I’ve been writing for weeks and weeks about co-ops, authentic exchange
and commerce, the practice of openness and business models, and other
related topics. Between the crashing economy, my ongoing contemplation
of open source, and a new project that I’m almost ready to announce,
thinking about the substance of economies and the power of economies to
define other aspect of our social experience has seemed really
appealing. And it has been.
I came across this article by Jason
Stoddard
a while back, and I’ve realized that I would be remiss in these posts,
if I didn’t somehow tie it into writing and science fiction, and
Stoddard’s post provides a great hook into this connection. He’s also,
basically spot on right.
Interestingly, the beginning of this series grew out of my experiences
reading Kim Stanley Robinson’s “Mars Trilogy,” which spent a lot of
time (particularly in the last two volumes) contemplating corporations
and capitalism. Indeed, in the Mars books, Robinson posits what some
readers (without careful examination) might think of as the typical
“evil mega-corporations.”
Though I think he succeeds at avoiding the traps of having as villains
“scheming business people in suits,” by making sure that none of the
executives appear in the stories. The closest we get to having a
“corporate villain,” is a character who allies themselves with the
corporations for personal advancement. The result is that, the
corporations lumber around, always doing the wrong thing, always getting
in the way of the main characters, but they never loose the extra-human
nature of being corporations.
Maybe that’s part of the problem with writing fiction about
corporations. Fiction tends to revolve around people and social systems
of comprehensible complexity and corporations are shaped and steered by
a great number of people, and there’s too much complexity in
corporations to really capture accurately in fiction.
While Stoddard’s argument (Corporations exist to make money, they’re
not evil by nature) is factually true and good advice to anyone writing
‘corporate drama’ fiction, I think writers (and the rest of us) might
benefit from thinking about some other “nitty gritty” aspects of
corporations. Just because corporations may be “generally a bad thing
in the world,” difficult to write about, and “not simply evil for the
purposes of fiction” nonetheless I think it is important to think about
the social/political effect corporations and to write about them in
fiction.
The following list is rough, and incomplete, and I encourage you all to
help me out in comments!
- Corporations have a few overriding drives: to grow, to make profit
(both by minimizing expenses and by increasing revenue), and to
continue to exist.
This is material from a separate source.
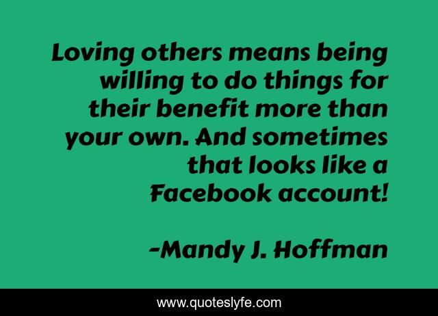 This page presents the quote "Loving others means being willing to do things for their benefit more than your own. And sometimes that looks like a Facebook account!". Author of this quote is Mandy J. Hoffman. .

All actions and strategies undertaken by
corporations should make sense in context of one or more of these
drives.
- Corporate cultures are largely self selecting, so “radicals” in
corporate settings are really unlikely, either because they’re likely
to leave or because their self-interest eventually falls in line with
the company’s interest.
- Corporations employ huge numbers of people, but we can assume that the
number of people at any given company doing things that support the
main mission of a company but that aren’t “the thing the company
does.” Phyisical Plant “things,” clerical tasks, human resources,
“infrastructure,” operations/financial tasks, internal legal work,
and so forth. Probably as much as a quarter or a third of the staff
probably falls into one of these categories.
- Corporations are rarely unilateral. Ever. They have many operations,
many projects, many divisions, and thus can be resilient to things
changing “around them.” This also means that coorporations are less
likely to take umbrage at potentially threatening individuals and
companies, than a single individual would in a similar situation.
- Career advancement, in companies or elsewhere, generally happens to
some greater or lesser extent by moving horizontally between companies
rather than “through the ranks.”
- The bigger the corporation the more specialized the roles of the
workforce would tend to be.
- For the most part, I think it safe to assume that most corporations
don’t have a great deal of “classified” information, or information
that’s heavily embargoed. This comes as a great blow to conspiracy
theorists, but secrets are hard to keep with regards to projects that
a lot of people need to know about, and if all the other things we
know about corporations are true (size, attrition, etc.) “great
secrets” are unlikely to remain great secrets for long.
In light of all these things I think there are a lot of opportunities
for realistic story telling, but it’s not always so straight forward.
In anycase, I look forward to thinking about this some more with you.